By James Newton-King

This document explains how to create gRPC services and methods in C#. Topics include:

• How to define services and methods in .proto files.
• Generated code using gRPC C# tooling.
• Implementing gRPC services and methods.

Create new gRPC services

gRPC services with C# introduced gRPC's contract-first approach to API development. Services and messages are defined in .proto files. C# tooling then generates code from .proto files. For server-side assets, an abstract base type is generated for each service, along with classes for any messages.

The following .proto file:

• Defines a Greeter service.
• The Greeter service defines a SayHello call.
• SayHello sends a HelloRequest message and receives a HelloReply message

syntax = "proto3";

service Greeter {
  rpc SayHello (HelloRequest) returns (HelloReply);
}

message HelloRequest {
  string name = 1;
}

message HelloReply {
  string message = 1;
}

C# tooling generates the C# GreeterBase base type:

public abstract partial class GreeterBase
{
    public virtual Task<HelloReply> SayHello(HelloRequest request, ServerCallContext context)
    {
        throw new RpcException(new Status(StatusCode.Unimplemented, ""));
    }
}

public class HelloRequest
{
    public string Name { get; set; }
}

public class HelloReply
{
    public string Message { get; set; }
}

By default the generated GreeterBase doesn't do anything. Its virtual SayHello method will return an UNIMPLEMENTED error to any clients that call it. For the service to be useful an app must create a concrete implementation of GreeterBase:

public class GreeterService : GreeterBase
{
    public override Task<HelloReply> UnaryCall(HelloRequest request, ServerCallContext context)
    {
        return Task.FromResult(new HelloRequest { Message = $"Hello {request.Name}" });
    }
}

The service implementation is registered with the app. If the service is hosted by ASP.NET Core gRPC, it should be added to the routing pipeline with the MapGrpcService method.

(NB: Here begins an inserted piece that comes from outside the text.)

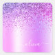 Purple Glitter Monogram Name Luxury Girly Square Sticker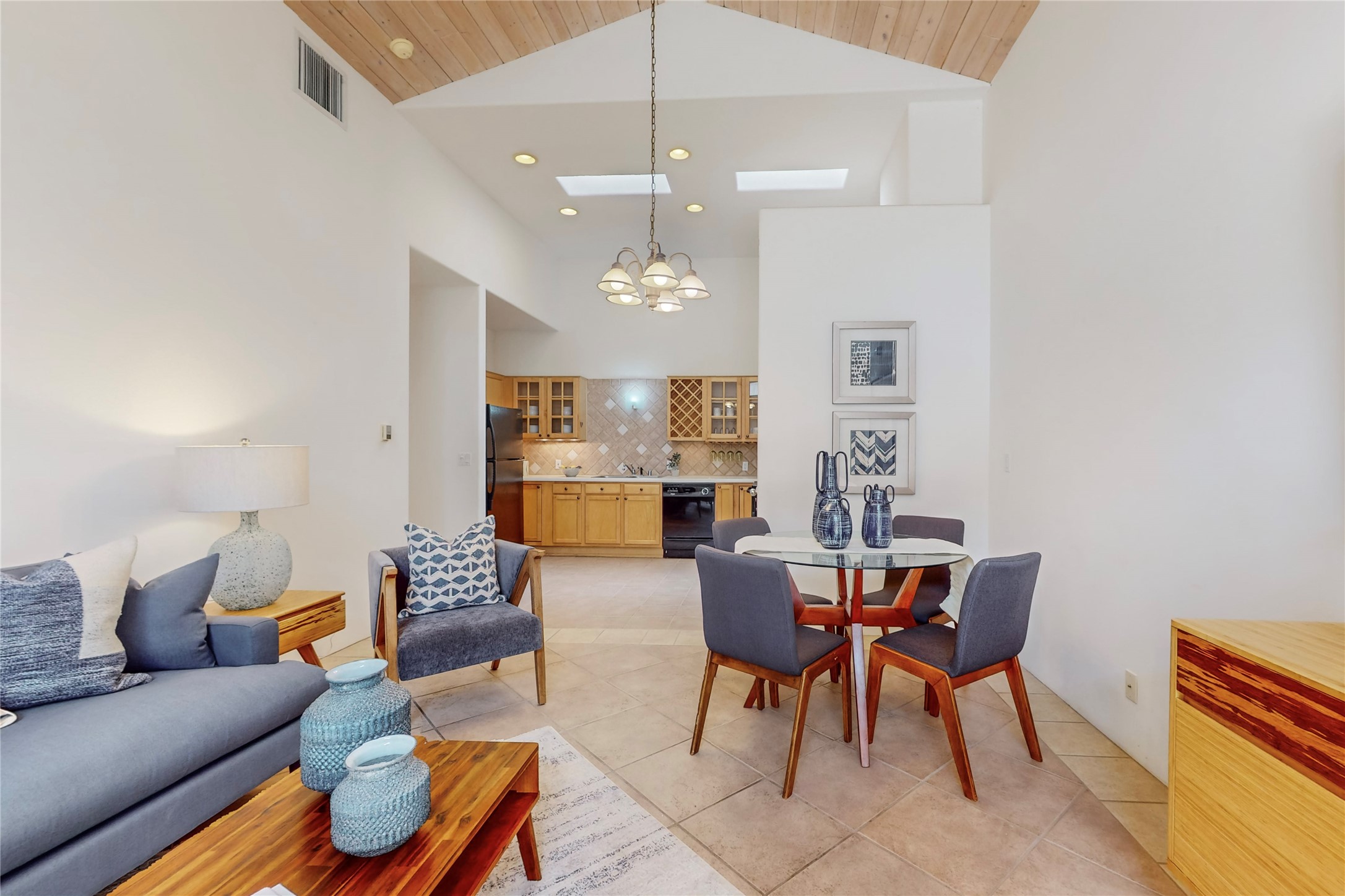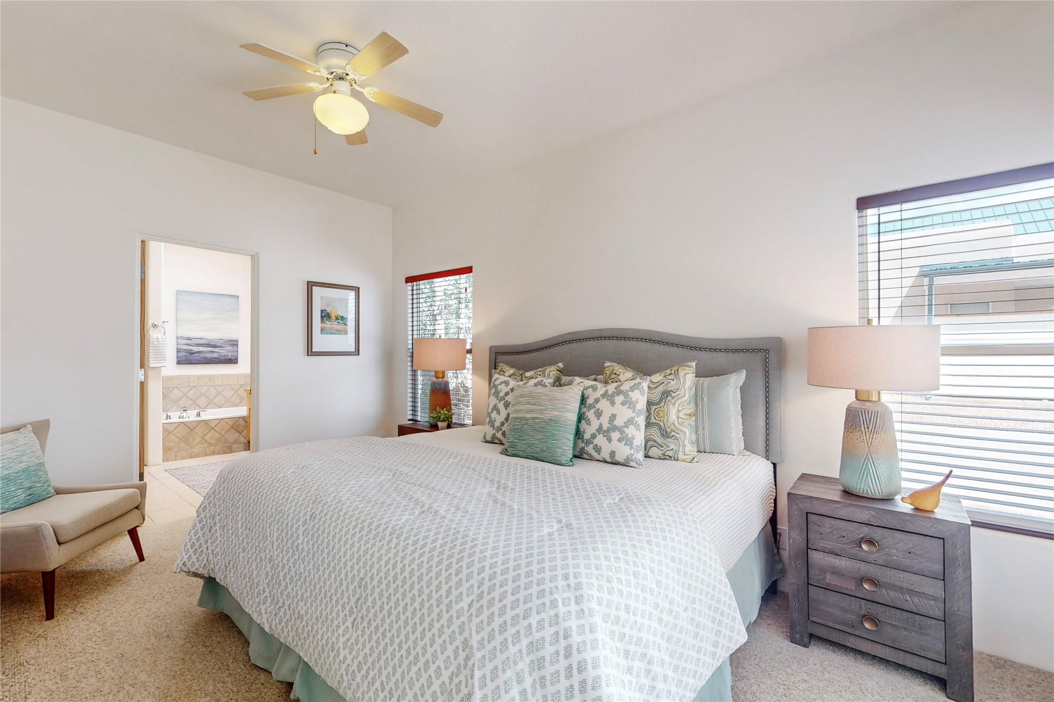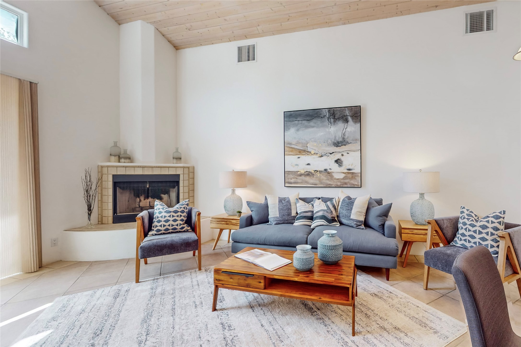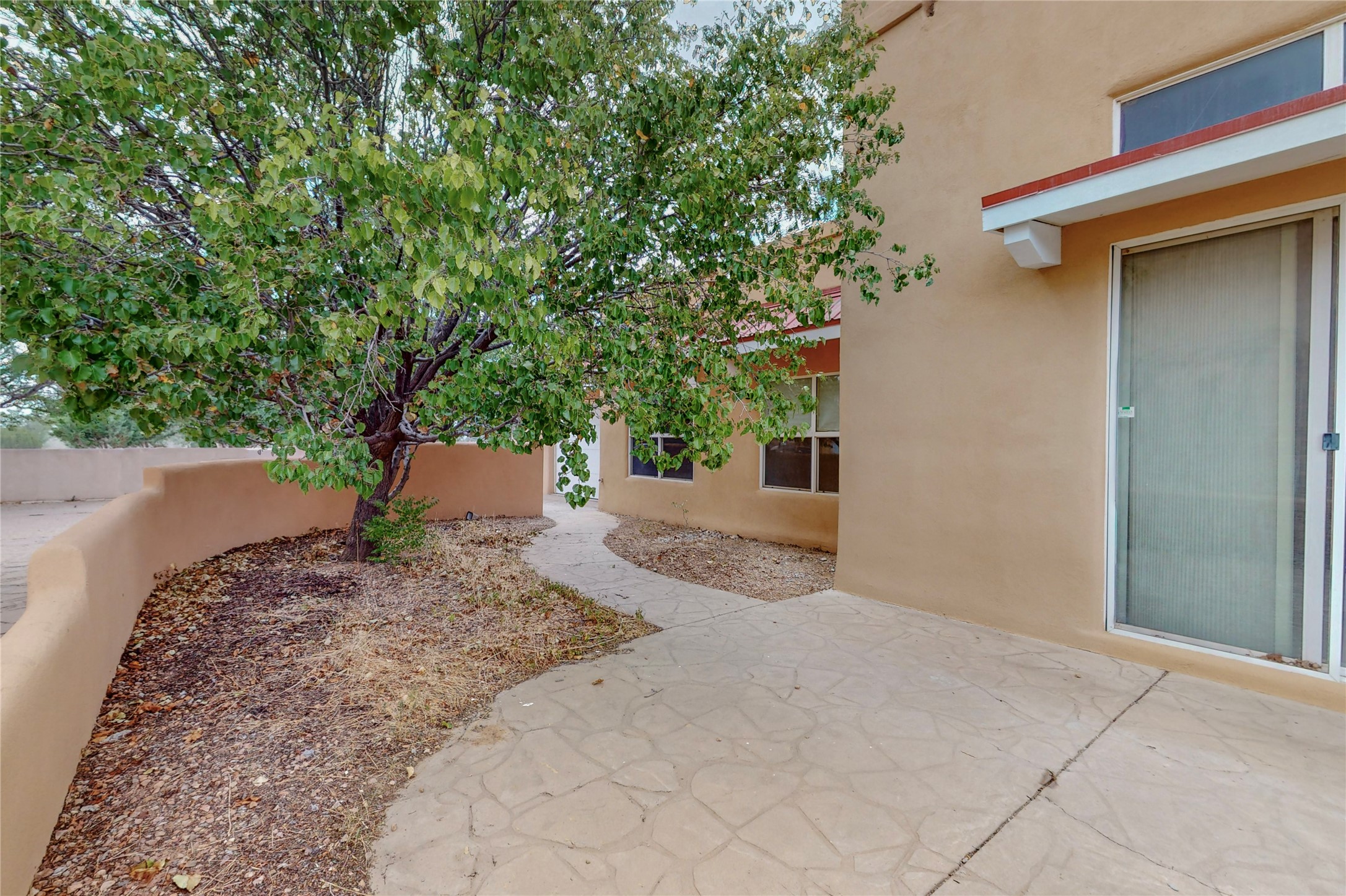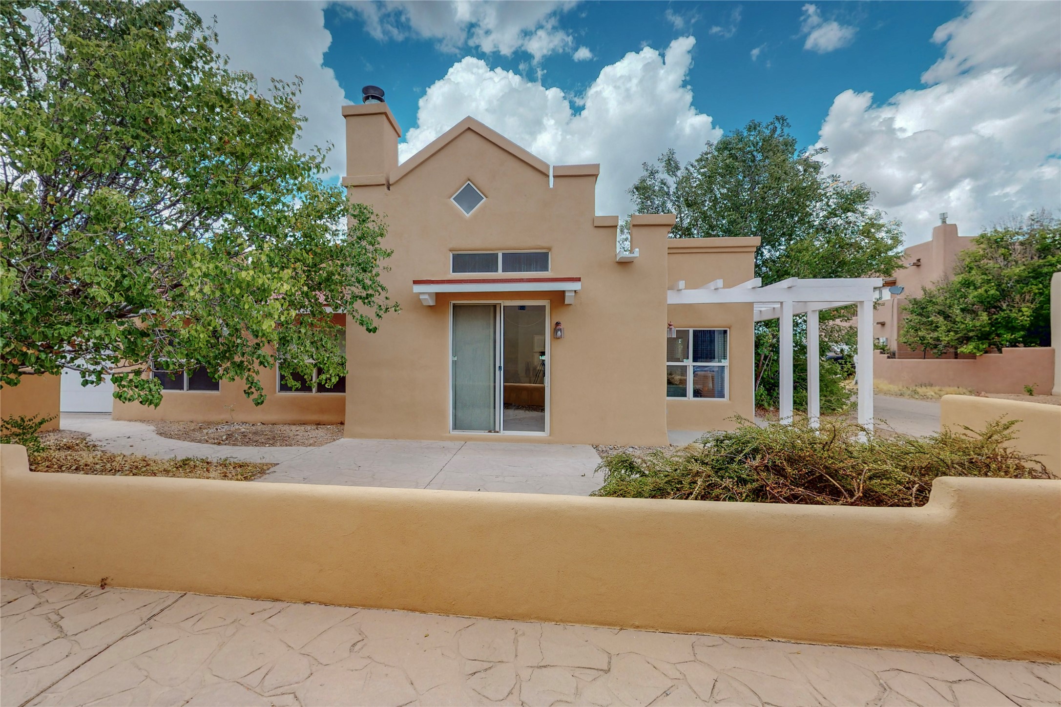 This was the model home for the subdivision when built with a number of upgrades. A vaulted ceiling covers the open living, dining, and kitchen area. Off the living area on one side is a main bedroom with jetted tub and separate shower. Off the other side of the living area are two bedrooms, a guest bathroom, and a laundry room. There is a small garden area with a tree. Just been stuccoed and the roof maintained.

app.UseEndpoints(endpoints =>
{
    endpoints.MapGrpcService<GreeterService>();
});

See xref:grpc/aspnetcore for more information.

Implement gRPC methods

A gRPC service can have different types of methods. How messages are sent and received by a service depends on the type of method defined. The gRPC method types are:

• Unary
• Server streaming
• Client streaming
• Bi-directional streaming

Streaming calls are specified with the stream keyword in the .proto file. stream can be placed on a call's request message, response message, or both.

syntax = "proto3";

service ExampleService {
  // Unary
  rpc UnaryCall (ExampleRequest) returns (ExampleResponse);

  // Server streaming
  rpc StreamingFromServer (ExampleRequest) returns (stream ExampleResponse);

  // Client streaming
  rpc StreamingFromClient (stream ExampleRequest) returns (ExampleResponse);

  // Bi-directional streaming
  rpc StreamingBothWays (stream ExampleRequest) returns (stream ExampleResponse);
}

Each call type has a different method signature. Overriding generated methods from the abstract base service type in a concrete implementation ensures the correct arguments and return type are used.

Unary method

A unary method gets the request message as a parameter, and returns the response. A unary call is complete when the response is returned.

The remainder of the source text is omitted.